## Exercise directions
Leave out the pictures and output exactly the lines below from the one with "玩家点击首页store即可进入商店,可以切换人物以及衣服,也可以购买武器。" down to the one with "Ut極美品★ノーリーズ*NO", both of them included.

## Exercise materials
· · · · · · ·
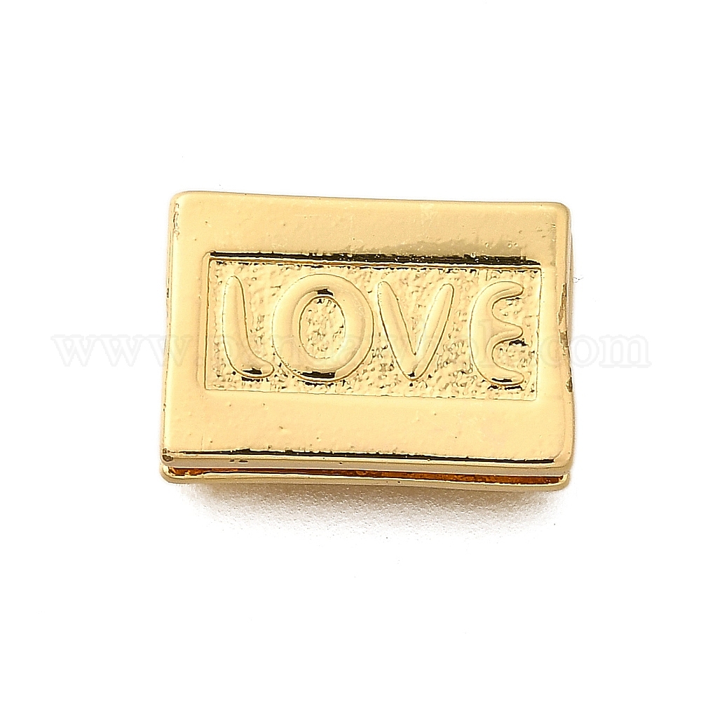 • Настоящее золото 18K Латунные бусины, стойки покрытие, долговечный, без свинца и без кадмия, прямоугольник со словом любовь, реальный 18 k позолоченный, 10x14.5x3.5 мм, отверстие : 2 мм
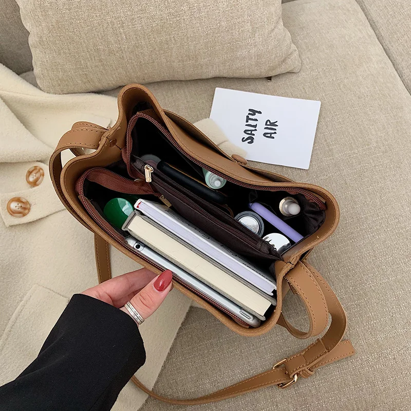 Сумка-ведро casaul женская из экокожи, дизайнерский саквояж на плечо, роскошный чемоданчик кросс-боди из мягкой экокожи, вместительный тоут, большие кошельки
· · · · · · ·
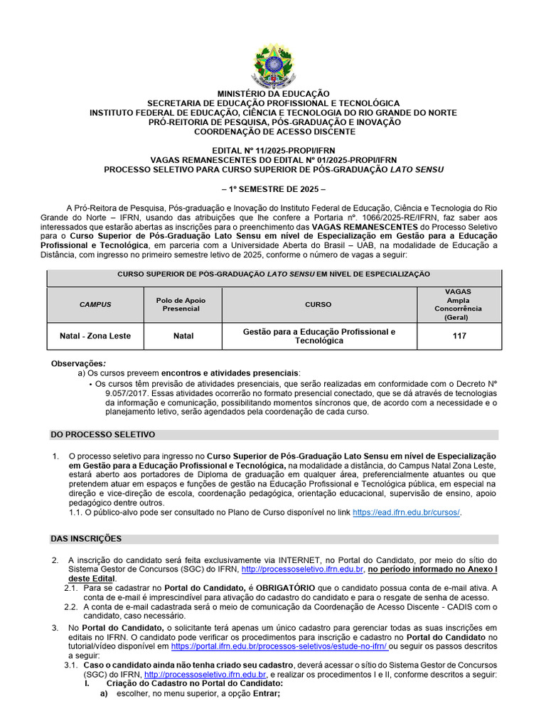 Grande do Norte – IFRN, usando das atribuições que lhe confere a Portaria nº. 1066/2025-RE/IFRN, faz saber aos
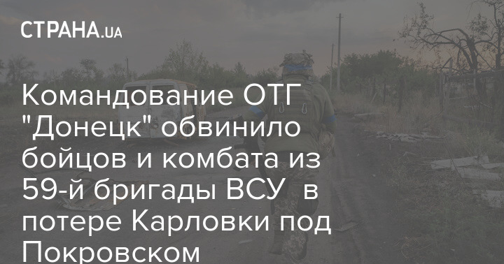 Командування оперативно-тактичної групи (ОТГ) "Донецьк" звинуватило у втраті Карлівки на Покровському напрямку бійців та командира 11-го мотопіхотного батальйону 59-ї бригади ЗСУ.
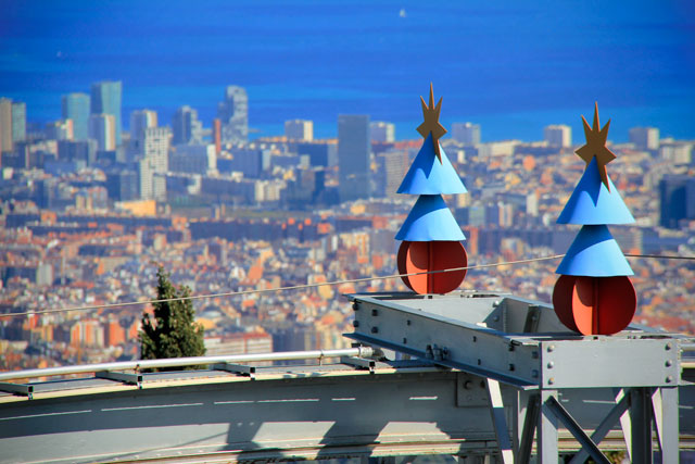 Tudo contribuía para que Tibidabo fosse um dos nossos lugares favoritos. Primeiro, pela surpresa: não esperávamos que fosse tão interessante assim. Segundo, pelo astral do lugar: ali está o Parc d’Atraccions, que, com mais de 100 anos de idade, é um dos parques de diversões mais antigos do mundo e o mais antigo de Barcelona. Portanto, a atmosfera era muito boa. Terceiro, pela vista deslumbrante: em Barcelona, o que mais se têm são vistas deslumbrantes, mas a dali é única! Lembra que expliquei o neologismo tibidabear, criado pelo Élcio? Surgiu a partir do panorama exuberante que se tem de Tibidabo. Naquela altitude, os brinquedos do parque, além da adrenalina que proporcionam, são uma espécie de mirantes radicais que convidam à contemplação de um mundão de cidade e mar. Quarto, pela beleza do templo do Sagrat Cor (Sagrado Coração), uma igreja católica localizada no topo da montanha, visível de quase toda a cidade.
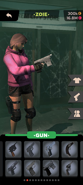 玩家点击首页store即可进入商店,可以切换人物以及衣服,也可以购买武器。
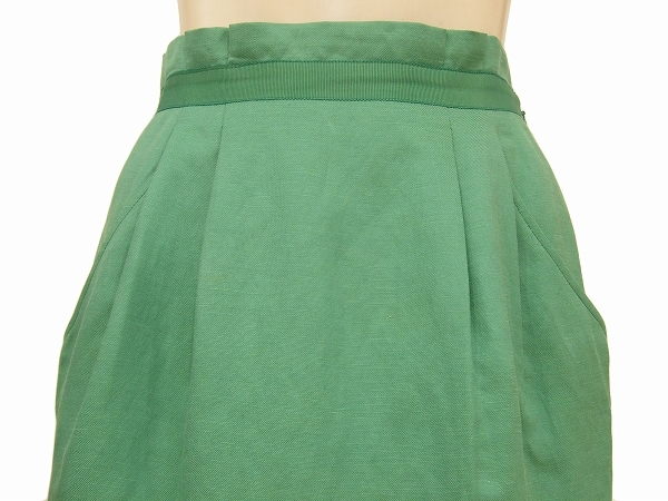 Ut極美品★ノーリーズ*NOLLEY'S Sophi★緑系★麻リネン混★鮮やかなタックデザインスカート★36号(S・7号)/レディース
· · · · · · ·
## Response
 玩家点击首页store即可进入商店,可以切换人物以及衣服,也可以购买武器。
 Ut極美品★ノーリーズ*NOLLEY'S Sophi★緑系★麻リネン混★鮮やかなタックデザインスカート★36号(S・7号)/レディース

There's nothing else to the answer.